Edgar-Award winner (for If I Die Tonight) Alison Gaylin returns with a powerful psychological suspense thriller, Never Look Back.
Using the timely idea of podcasts to examine true murder, Gaylin introduces podcast producer Quentin Garrison, determined to find closure of his own through the podcast aptly named Closure.
In 1976, teens April Cooper and Gabriel LeRoy ran amok in Southern California, killing almost a dozen victims in a two-week period as they ran from polce before dying in a fire.
Decades later, Quentin has lived in the shadow of those killings after a troubled childhood. Things start to spin out of control when he’s given credible evidence that leads him to believe April Cooper survived that fire.
As Quentin leaves his husband to follow the trail across the country, NYC film columnist Robin Diamond, already doubting the strength of her marriage and her husband’s fidelity, has a tough day at work when her new column sparks a series of horrific internet trolls. Her week only worsens after a call from Quentin and a home invasion that turns everything she thought she knew on its head.
The main points of view belong to Quentin, Robin, and the young April Cooper, who finds herself in a situation she could never imagine, and describes events in a series of letters to her unborn child.

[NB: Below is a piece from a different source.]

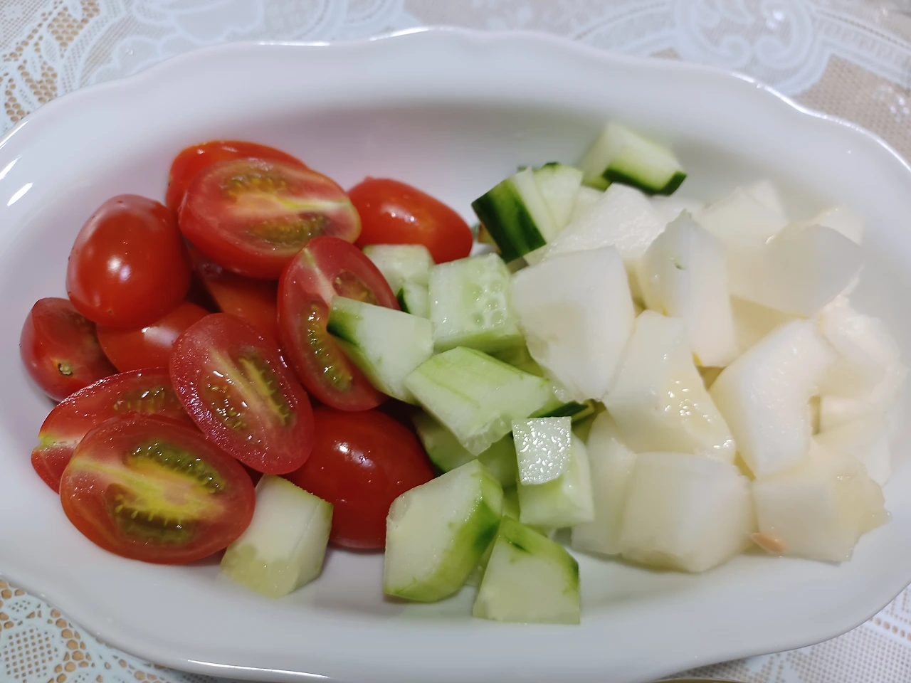 샐러드 만드는 방법은 정말 간단하다. 우선 방울토마토는 씻고 오이와 참외는 감자칼로 껍질을 벗겨 놓는다. 그다음 방울토마토는 반을 자르고 오이도 한입 크기로 자른다. 참외는 반으로 가른 다음 그것을 다시 4 등분해서 오이 크기로 작게 썰어놓는다. 참, 참외씨는 파내어 따로 모아 체에 받쳐 숟가락으로 꾹꾹 눌러 즙을 모아놔야 한다. 샐러드 소스에 넣기 위해서 말이다.

Looking at the distorted lens of parent and child relationships adds depth to this thriller, while asking the question: how much of our lives are down to our parents behavior, and how much to our own actions and choices.
Being haunted by the past, despite the efforts of some of the characters, is almost an impossible feat, and it wouldn’t be a spoiler to say that “closure” may not be what some of these interesting characters find.